A critical observation made in the studies is that the longer the overall simulation period and the longer the duration of the injection of CO2 (1 year, 10 years, and 50 years) the greater the dissolution and mineralization. This can be attributed to the longer contact between the CO2 mixture and the rock fluid. This enables the continuous generation of carbonate material in the rock layers. As a result of the continuous generation of carbonate material in the rock layers, the pH falls. Finally, the CO2 gets trapped in solid form in the rock layers even after a period of 200- to 1000-year simulation.
The mineral composition of the rock exerts a strong influence on the fate of the CO2. The rock type with a high carbonate content always has a higher concentration of dissolved CO2, higher pH buffering capacity, as well as a higher degree of mineral trap capacity compared to the elastic rock type. An increase in the surface reactivity of the mineral or the availability of Ca ions (Ca 5000–50,000–200,000 ppm) can subsequently result in the enhancement of CO2 molality in the dissolution front region.
Capillary trapping effects simulated by hysteresis effects also have a very important role in the simulation.

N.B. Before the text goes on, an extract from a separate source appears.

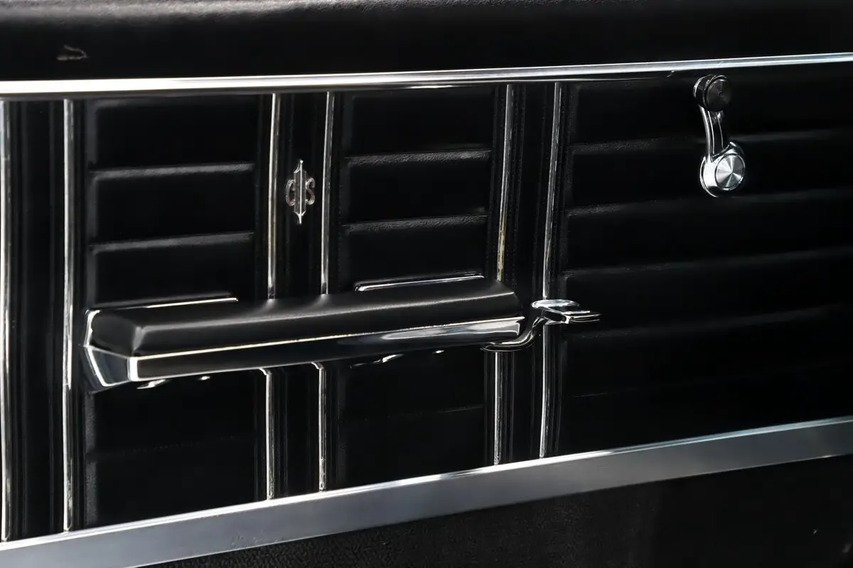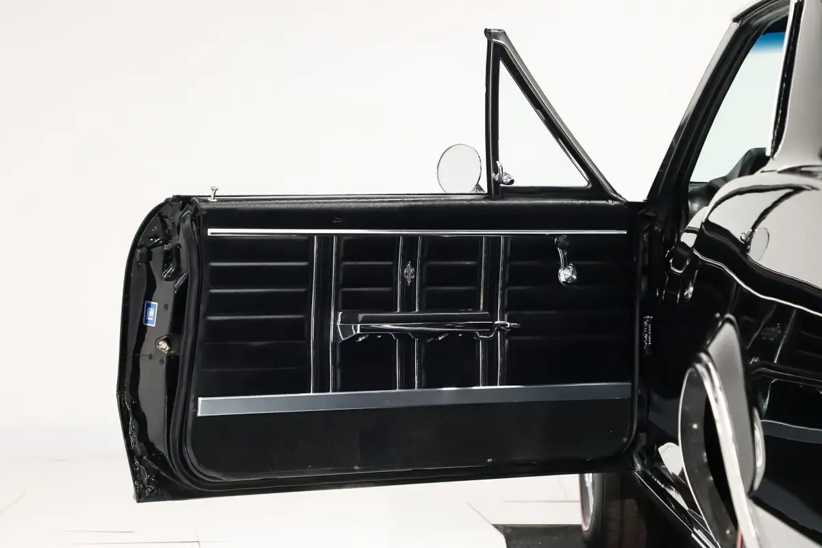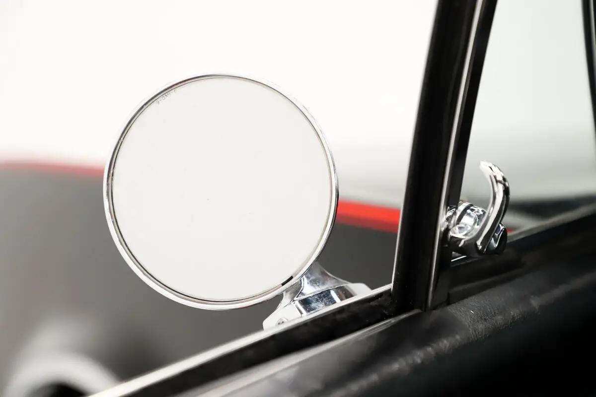 EXTERIOR: Striking combination of slick black paint with no vinyl top, red pinstripe, redline tires and the chrome SS-1 wheels! Looking down the sides of the car they're both laser straight. The body panel gaps are flush and square. No signs of any bubbling, cracking or issues. I am also noticing on how well the bumpers fit the body, where they line up against the quarter panels and fenders is about as good as they get. In back the bumper, tail panel, emblems

The consideration of hysteresis significantly limits the CO2 trapped residually. With the consideration of vapor-phase trapping (Vap), further immobilization of CO2 takes place in a drying-out region around the injection point.
The simulation results for the presence of O2 impurities in the gas phase, modeling the real gas stream contaminants in the gas capture process, show small but positive effects from the impurities on the geochemistry. Even when the migration of the plume and the trapping factor remain very close to the previous pure CO2 case, the effect of the presence of O2 in the gas stream accelerates mineral dissolution reactions significantly. This further increases carbonate precipitation reactions to some extent. For all the scenarios of sensitivity analysis, the key effect is that the proportion of the free-phase (or mobile) CO2 decreases dramatically to a low level. These results establish the expectation that a qualified site geology profile, including the presence of reactive mineral phases and the conditions of high permeability contrasted with the capability for capillary trapping, can guarantee the long-term storage of CO2 in a deep-saline aquifer to a very high degree of safety.

Author Contributions

Methodology, M.H. and E.S.; Software, M.H.; Validation, M.H. and E.S.; Formal analysis, M.H.; Investigation, M.H. and E.S.; Resources, M.H.; Data curation, M.H.; Writing—original draft, M.H.; Writing—review & editing, M.H. and E.S.; Supervision, E.S.; Project administration, M.H. and E.S. All authors have read and agreed to the published version of the manuscript.

Funding

This research received no external funding.

Data Availability Statement

The original contributions presented in this study are included in the article. Further inquiries can be directed to the corresponding author.

Conflicts of Interest

The authors declare no conflict of interest.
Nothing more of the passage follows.